The Penderwicks on Gardam Street. By Jeanne Birdsall. Knopf. $15.99.

      The danger and magic of fairy tales translate at best uneasily into the modern world. Today’s writers of fairy-tale-like stories for younger readers either feel the need to set them in times gone by or find themselves using fairy-tale elements in what only seems to be a story of our everyday world.

      Of course, a really good writer can take the fairy-tale mystique and turn it inside out and every which way around. That is what Jean Ferris does in Once Upon a Marigold, which is both a sendup of fairy tales and a book that is quite true to their spirit and many of their age-old patterns. It is also a book that actually matches its marketing, which in this case consists of the cover lines, “part comedy, part love story, part everything-but-the-kitchen-sink.” Yup; that’s it exactly. It’s got a good-hearted forest troll who wants to take business away from the inept tooth fairy. It’s got a runaway little boy who comes to live with the troll and who we just know will turn out to be a prince, although we are not sure how that will be revealed. It’s got an inept king and a wicked, scheming queen and four (not the usual three) princesses: three of them safely married off and out of the queen’s way, and one considered too plain to be of interest to most eligible princes – and too interested in books, and afflicted with a strange kind of empathy/telepathy curse besides. And then there’s p-mail, the pigeon-borne missives by which the boy who doesn’t know he is a prince communicates with the princess almost no one cares about. And a blacksmith whose failed inventions now lie in pieces in the castle dungeons. And two really big dogs, and three little ones. And a ferret. But what this book has most of all is heart, and that is why – even though it does not quite end “happily ever after” – it is such a delight to read. Ferris is a whiz at creating convoluted dialogue that almost makes sense, as when Princess Marigold and the boy, Christian, are speaking, and she says, “More doesn’t mean better. Enough is as good as a feast, you know.” And Christian, thinking of his life with Ed the troll, replies, “That’s what Ed always says. Or, what he says is, too much of a good thing is as good as a feast, but that’s what he means. I think. With Ed it’s sometimes hard to know.” But the moral of the story is straightforward and, in context, absolutely right: “She said, ‘As long as we’re with each other –’ ‘We know we’re in exactly the right place,’ he replied.”

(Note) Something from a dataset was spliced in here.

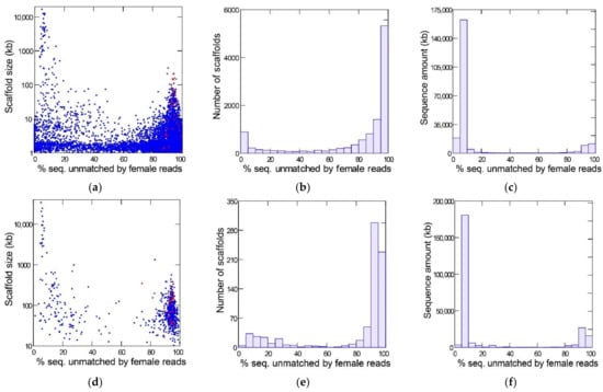 Figure 1 shows the results of the YGS method as applied to the reference Sanger assembly (top row) and a PacBio assembly (bottom row) of the same strain of D. willistoni. The bimodal distribution separates the Y-linked sequences (peak on the right-hand, with a large amount of sequence unmatched by female reads) from the X and autosomes (left-hand peak). The red dots mark the scaffolds matching the eight previously known Y-linked genes of D. willistoni [,]. All these sequences are located in the right-hand peak (average for Sanger assembly: 94%; range: 87–100%); they served as a positive control and show that the YGS method reliably identifies Y-linked sequences in D. willistoni. In the intermediate region of the graph, between the two peaks, there are numerous small sequences in the Sanger assembly; they correspond to misassembled repetitive regions []. YGS results are usually presented as in the first two columns of Figure 1, which may mislead the reader to conclude that Y-linked sequences represent a large proportion of the genome. The last column, which shows the amount of sequence in the scaffolds, clarifies that the Y chromosome is relatively small; because it is a repeat-rich region, Y-linked sequences are prone to assembly fragmentation and tend to get scattered in numerous small scaffolds. If we adopt the cut-off of 60% unmatched sequences, we find that the Y-chromosome in the Sanger assembly contains 28.5 Mbp (in 9031 scaffolds), whereas the X and autosomes amount to 189.8 Mbp (in 2107 scaffolds); the corresponding values for the PacBio assembly are 49.4 Mbp (in 605 scaffolds) and 197.6 Mbp (in 139 scaffolds). As suggested by the sharp bimodality shown in Figure 1 (panels c and f), the above estimates are quite robust in relation to the 60% cutoff; adopting an 80% cut-off would reduce the estimated size of the Y chromosome to 26.7 Mbp (Sanger assembly) and 48.6 Mbp (PacBio assembly). PacBio assemblies tend to be larger because they have a better representation of repetitive sequences; note that assembled size of the Y chromosome (being repeat-rich) increased much more than that of the X and autosomes. Another advantage of PacBio and Nanopore assemblies compared to Sanger or Illumina is that they are much less fragmented: the Sanger assembly contains 14,838 scaffolds, the PacBio contains 748, and the Nanopore contains 336. The smaller fragmentation helps the identification of Y-linked scaffolds: in the Sanger assembly, 3700 scaffolds, amounting to 5.3 Mbp, could not be classified by the YGS method because they are not informative (contain less than 20 valid single-copy k-mers; []); the corresponding figures for the PacBio assembly are four scaffolds and 71 kb. Despite these advantages, we will use the Sanger assembly in most analyses because it is the reference assembly.
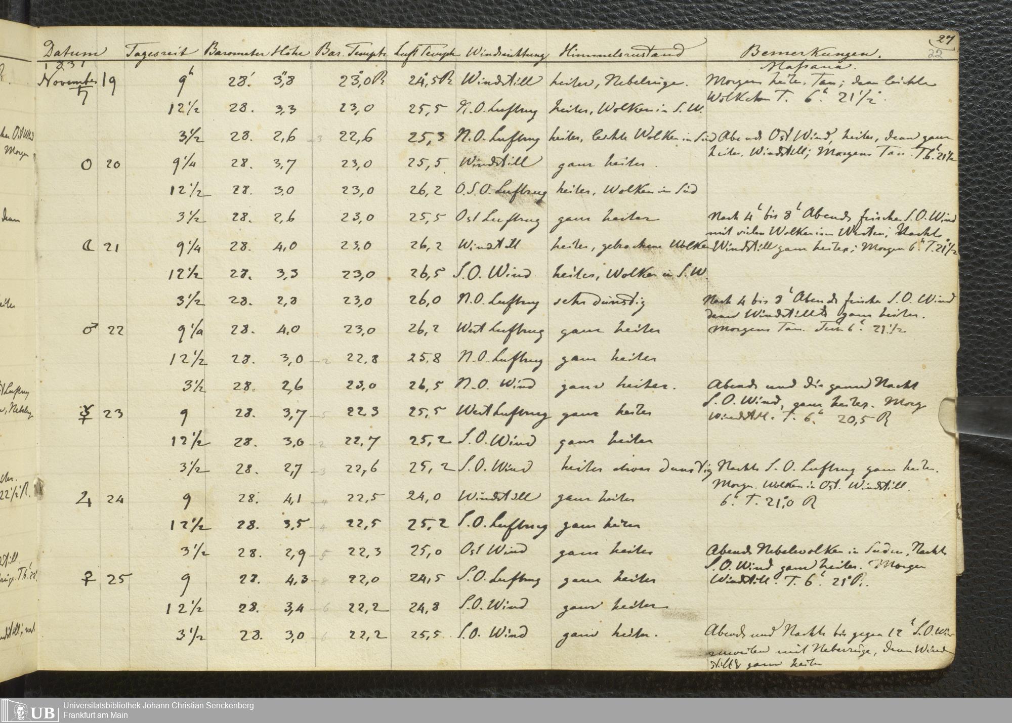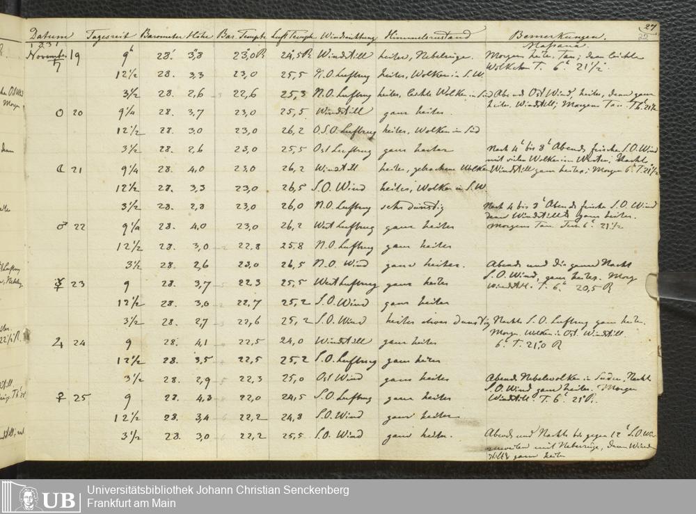 Ms. Ff. E. Rüppell III Bd. 1 - Journal der meteorologischen Beobachtungen

      The second novel about the Penderwick family strives hard for this sort of magic – within what is supposed to be the real world – but never quite attains it. The book’s title, perhaps intended to evoke memories of Mary Poppins on Cherry Tree Lane, is part of Jeanne Birdsall’s attempt to fuse old-fashioned values with the story of a modern family. Critics and readers longing for simplicity, optimism, non-ironic storytelling and heartwarming sweetness applauded Birdsall’s first Penderwicks novel when it appeared in 2005 and will surely give The Penderwicks on Gardam Street a (++++) rating as well. But the persistent innocence and rather cloying dialogue may become tiresome for some readers, and a (+++) rating is more reasonable. The Penderwicks’ world only seems modern: the oddly archaic language and old-fashioned attitudes make it more the stuff of fairy tales. This is a family in which the girls use “do or die” as an up-to-date expression; comment among themselves, “The mystifying Marianne who hated flannel will long linger in my memory”; and tell their father, “Not only have we sullied the family honor, we’ve hurt you terribly, Daddy.” In truth, nothing catastrophic occurs in the Penderwicks’ world, where spats come at this level: “When pushed – and Rosalind was definitely feeling pushed – she could glower as well as anyone, and the glowering bouncing around that afternoon was truly frightening.” In this story, the four Penderwick sisters, whose mother has been dead for four years, confront the possibility that their father will start dating again, and decide that would be disastrous; so they hatch a plan to keep him for themselves and away from any potential romantic entanglement. Things go charmingly awry, of course, and everyone learns a lesson or two, and the girls hatch a “New Save-Daddy Plan” to replace the old one that didn’t work, and everything turns out quite happily for everyone – a fairy-tale ending, to be sure.